I worried a split second that maybe this wasn’t just Frances’s selfishness or embarrassment that her family needed money, maybe it was something else. But I was too relieved the asking part was over with to worry long. “Thank you, Franny. And I’m sorry to do this to you.” I wasn’t sure why I was sorry, but I was. “Please write Mama tomorrow so she’ll quit worrying.”

“I will, I know I need to,” she said, twisting her gold wedding ring. “She must’ve been a wreck that I didn’t telephone her back.”

“I’d call it a perpetual state of mind.”

Lights slid across the room again and a minute later, there was a gentle shudder through the house as a door closed. Frances slid off the bed in her satin gown and went to the dressing table and looked quickly at herself in the mirror. “I’ll talk to him, give me some time. Let me do it after my birthday.”

“That’s three weeks away … can’t you ask him sooner?”

“When, at breakfast? Please pass the preserves, by the way I need two hundred fifty dollars? I’m telling you, Birdie, he gets grumpy when it comes to money, but I promise, I’ll find the right time.”

I didn’t love the idea of her asking him after I left; I was afraid it wouldn’t happen. We stared at each other a second.

Frances sighed. “Fine, stay for my birthday.” She shrugged. “It’s kind of nice to have you here anyway.”

Staying was definitely the safest choice; Mr. Parkins would have to wait. “I’ll be ready at eight to go to the orphanage.” I was glad I could give her some small thing in return for this. Debts itched my very soul.

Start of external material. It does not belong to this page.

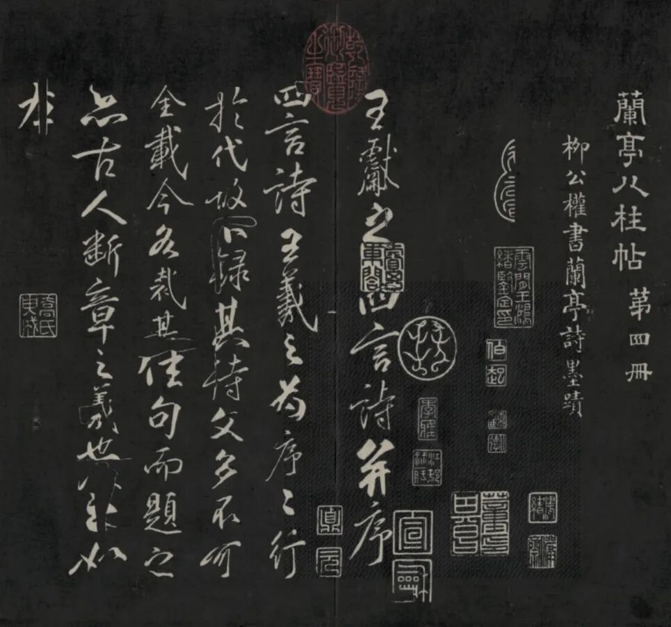 乾隆四十四年(1779),乾隆命词臣编刻《御刻兰亭八柱帖》,并于次年摹勒上石,分为8册,首刻乾隆题八柱册并序,每册首题隶书帖名及次第,第一至第三册为将内府所藏唐虞世南、褚遂良、冯承素勾摹的王羲之《兰亭序》墨迹,第四册为柳公权《兰亭诗》,第五册为《戏鸿堂帖》刻柳公权《兰亭诗》原本,第六册为于敏中补《戏鸿堂帖》刻柳公权《兰亭诗》阙文,第七册为董其昌仿柳公权《兰亭诗》,末册为乾隆临董其昌仿柳公权《兰亭诗》。《御刻兰亭八柱帖》将乾隆个人临帖与历代经典并置,既标举王羲之的书圣地位,更完成自我在书统谱系中的“今圣”定位。

When the house got quiet and I’d heard all the bedroom doors shut, I crept across the hall and lay down on a squeaky wire cot out on the old sleeping porch. I’d brought my sheet and pillow over from the inferno but I was burning up, so I stripped my nightgown off and lay naked on the mattress. My skin prickled as a summer breeze blew in through the metal screens.

You’re gonna live in Footely for the rest of your life, Birdie. You can’t even have children.

Sometimes at night, after the last customer left the Foote and there was nothing left to say to make them linger—a farmer stopping in to buy castor oil for the baby, the Coleman girl who’d sometimes sneak out with her daddy’s car—I’d pick a half-smoked cigarette out of the standing ashtray next to the red drink cooler. And I’d sit on the steps of the store and I’d smoke it. Wasn’t that filthy of me? It was something a hobo would do but it felt so intimate to put my mouth where somebody else’s mouth had been and I thought I could feel their lips and I didn’t care if they were colored or white, a man or a woman. Though I did pick the Lucky Strikes or Parliaments that cost something, hoping they could at least afford tooth powder, but really how could I know? I was an odd bird, I knew that. People had told me that most of my life. But I’d learned how to live with loneliness in a way my sister never would. She’d never had to. I’d be afraid for her if she ever did.